Front Neurol. 2023 Sep 20;14:1245014. doi: 10.3389/fneur.2023.1245014. eCollection 2023.
Leukoencephalopathy with Calcifications and Cysts (LCC) is a rare genetic microangiopathy exclusively affecting the central nervous system caused by biallelic mutations in . Brain magnetic resonance imaging (MRI) is often diagnostic due to the highly characteristic triad of leukoencephalopathy, intracranial calcifications, and brain cysts. Age at onset, presentation and disease evolution can all vary, ranging from pauci-symptomatic disease to rapid evolution of signs with loss of motor and cognitive abilities. No specific therapies for LCC are currently licensed. According to the literature, bevacizumab might represent an effective modality to improve the clinical and MRI features of the disease. However, uncertainty remains as to the true efficacy of this approach, when to begin therapy, appropriate dosing, and the consequences of drug withdrawal. According to CARE guidelines, we describe the long-term clinical and neuro-radiological follow-up of a 10-year-old child with LCC. We report disease evolution following repeated cycles of treatment with bevacizumab. Our case report suggests that repeated cycles of bevacizumab might effectively modify disease progression, possibly indicating a time-dependent effect.

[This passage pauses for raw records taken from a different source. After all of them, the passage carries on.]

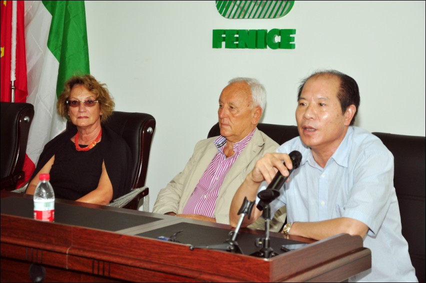 2012年7月2日意大利芬尼斯皮革化工专业公司总裁:DR.GIUSEPPE PISI及总裁夫人一同来参观温州市芬尼斯皮革化工有限公司,对于新厂房的落成PISI总裁表示祝贺!对于正在学习芬尼斯皮革护理技术的加盟商及学员们表示亲切的问候,并在会议上互相交流行业的最新信息及意大利芬尼斯皮革化工专业公司的最新产品。PISI总裁还表示与温州市芬尼斯皮革化工有限公司及董事长鲍光华先生合作非常愉快!希望以后在加盟商及代理合作商的共同努力下让芬尼斯发展的更好!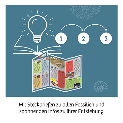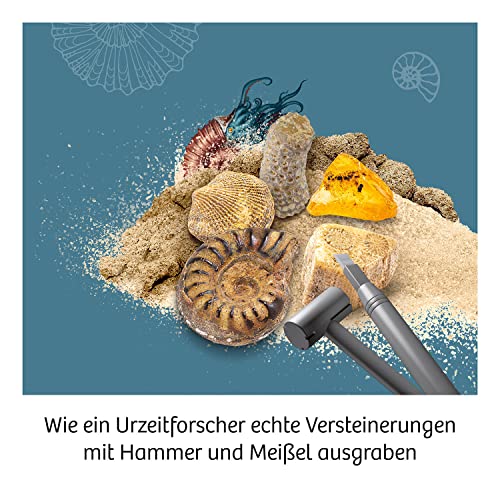 Scavare, scoprire, stupire - semplicemente incredibile che fossili veri, come ammonite, corallo roccioso, guscio di atripa o Copal si nascondano in questo blocco di gesso
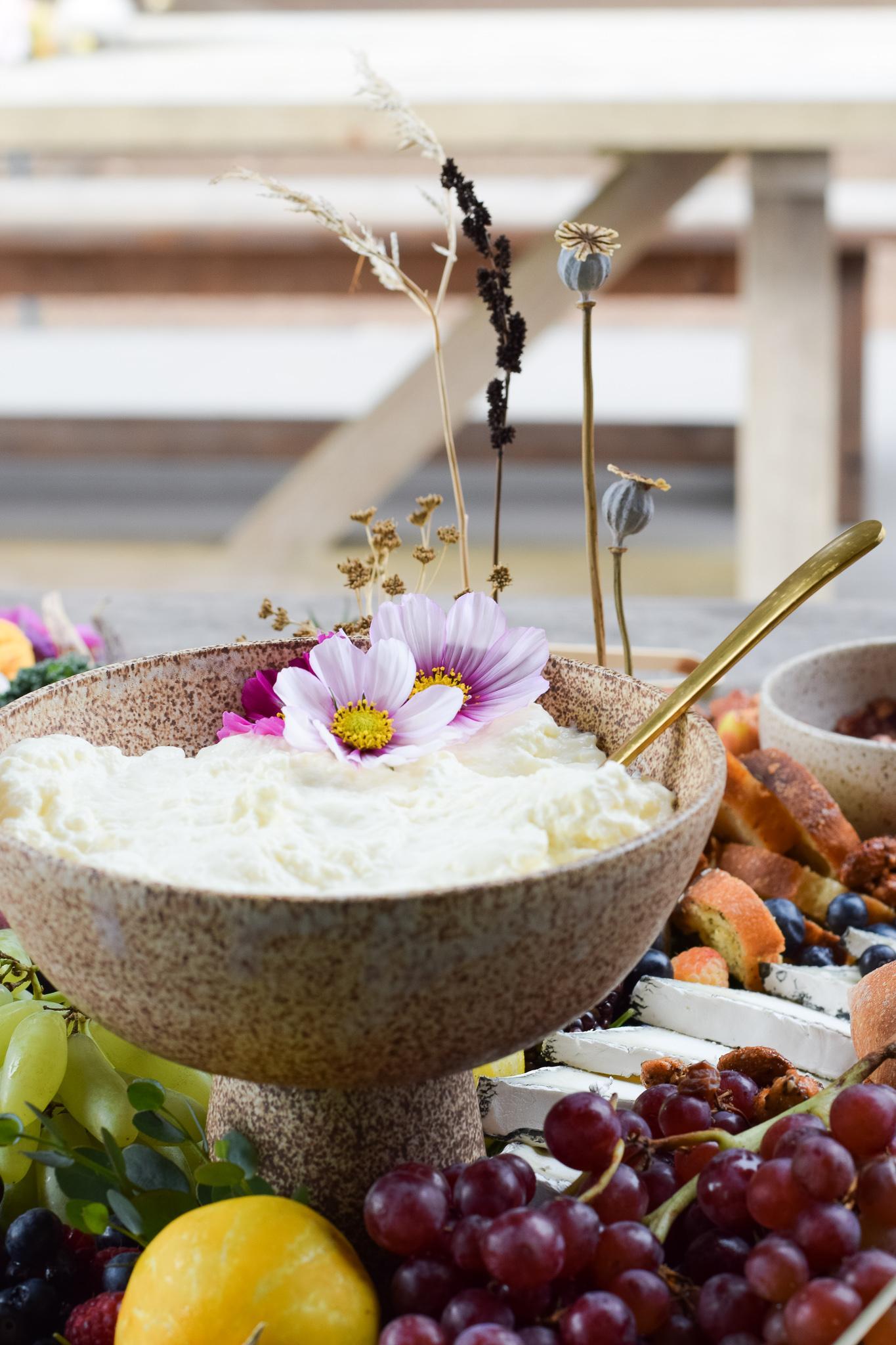 Our Grazing Tables are intended to celebrate the true cheese lovers + the real foodies. You won't find any Trader Joes or Costco finds in our offerings - we exclusively work with small-batch domestic artisans + local farmers to bring you the absolute best of the best. Our Grazing Tables are anchored with a wide variety of domestic artisan cheeses + cured meats; fresh bread, crackers, seasonal local fruit, california-grown marcona almonds + olives, house-made butter, preserves, and other local, seasonal accoutrements all play a supporting role. Garnished with herbs, foliage, + florals, all sourced from local flower farmers.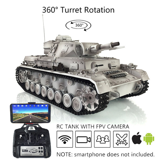Henglong 1/16 RC Tank 3858 Upgraded Panzer IV F TK7.0 RTR Radio Control Tank W/ 360 Degrees Rotating Turret FPV Camera Metal Tracks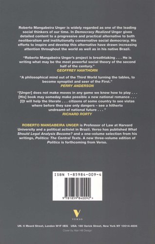 Roberto Mangabeira Unger is widely regarded as one of the leading social thinkers of our time. In Democracy Realized Unger gives detailed content to a progressive and practical alternative to both neoliberalism and institutionally conservative social democracy. His efforts to inspire and develop this alternative have drawn increasing attention throughout the world as well as in his native Brazil.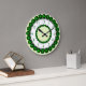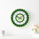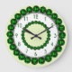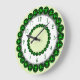 Eine wunderschön elegante Uhr, die nicht nur einen, sondern zwei Kreise von Smaragden auf einem Hintergrund von hellgrün, weiß und grau druckt. Die Zahlen werden in einem eleganten Schriftart und in einem koordinierenden dunkelgrünen Farbton gemacht.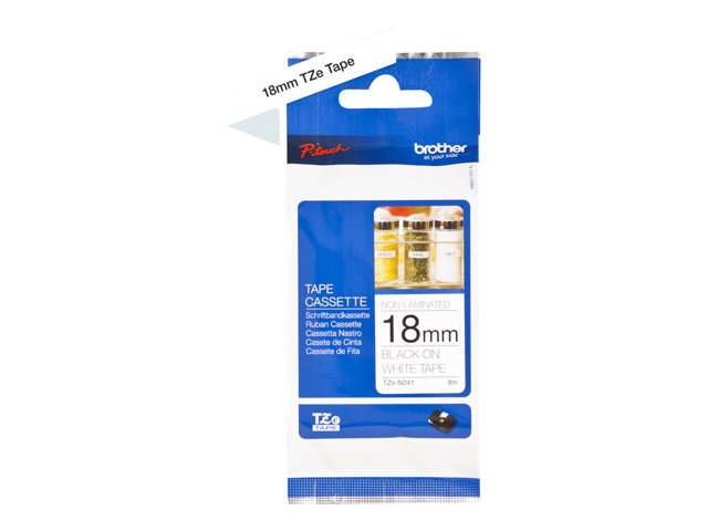 Ce ruban TZe-N241 de 18 mm de large est idéal pour vos tâches générales d'étiquetage au bureau, sur le lieu de travail ou à la maison.

伴有钙化和囊肿的白质脑病(LCC)是一种罕见的遗传性微血管病,仅累及中枢神经系统,由……的双等位基因突变引起。脑磁共振成像(MRI)通常具有诊断价值,因为其具有白质脑病、颅内钙化和脑囊肿这一高度特征性的三联征。发病年龄、临床表现和疾病进展各不相同,从症状轻微的疾病到运动和认知能力丧失的体征快速进展。目前尚无针对LCC的特定许可疗法。根据文献,贝伐单抗可能是改善该疾病临床和MRI特征的一种有效方式。然而,这种方法的真正疗效、何时开始治疗、合适的剂量以及停药的后果仍不确定。根据CARE指南,我们描述了一名10岁LCC患儿的长期临床和神经放射学随访情况。我们报告了贝伐单抗重复治疗周期后的疾病进展。我们的病例报告表明,贝伐单抗重复治疗周期可能有效改变疾病进展,可能提示存在时间依赖性效应。